Tips for facilitating the wheel of life with Start-Stop-Continue
For individual sessions:
- Run the activity during a live session by sharing your screen, or send the link for the client to complete beforehand and review results together
- Emphasize honesty: the numbers are for reflection only, not evaluation
- Spend more time on the visual wheels than on the assessment—that’s where the deepest insights are
- Use powerful questions based on what you see: “What surprises you about your ‘Stop’ wheel?”

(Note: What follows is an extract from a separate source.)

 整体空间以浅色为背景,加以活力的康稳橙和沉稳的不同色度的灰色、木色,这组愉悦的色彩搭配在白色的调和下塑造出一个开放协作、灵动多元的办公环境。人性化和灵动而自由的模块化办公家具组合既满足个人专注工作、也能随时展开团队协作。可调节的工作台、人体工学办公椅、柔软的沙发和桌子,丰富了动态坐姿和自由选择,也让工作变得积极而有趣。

- Don’t pressure yourself (or the client) to fill every category; it’s fine to have empty areas
For group/collaborative sessions:
- Clearly explain both phases and the value of seeing aggregated results before starting
- Allow enough time: at least 40-60 minutes for the complete activity
- Emphasize that “Continue” is just as important as the other categories to balance the conversation
- When showing collaborative visualizations, facilitate reflection on patterns: “Do you notice that as a team we have many ‘Stop’ actions related to meetings?”

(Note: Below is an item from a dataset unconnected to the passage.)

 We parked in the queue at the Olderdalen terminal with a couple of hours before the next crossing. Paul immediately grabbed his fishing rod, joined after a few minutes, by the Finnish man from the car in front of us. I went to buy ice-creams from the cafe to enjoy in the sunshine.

- Create a safe space so people share without pressure; let conversation emerge organically from the visual data
- Close with specific group commitments and assign follow-up responsibility
For asynchronous work:
- Include Statement slides with very clear instructions at the beginning
- Provide examples of good vs. vague responses for each category
- Set a clear deadline for completing the activity
- Schedule a follow-up session to review results together
- Save the presentation link to repeat in 3-6 months and compare progress
There are unlimited ways to create wheels of life with Questiory
Create an individual wheel of life
In the interactive example at the top of this page, you can experience the wheel of life in individual mode. These wheels are ideal for personal coaching sessions, where assessment transforms into visualizations that reveal clear patterns about where to focus energy.
This type of wheel of life can be useful for:
- One-on-one coaching sessions
- Personal self-assessment
- Individual development work
Collaborative wheel of life
But Questiory’s primary use is in collaborative mode! So you can also create wheels of life where responses are aggregated with other participants’ answers into visualizations that reveal group patterns and collective trends.
Collaborative wheels can be useful for:
- Organizational wellness workshops
- Team building sessions
- Group development workshops
- Identifying cultural patterns in teams
As a facilitator, these collaborative insights generate deep conversations about culture, shared priorities, and collective improvement opportunities that wouldn’t emerge from purely individual assessments.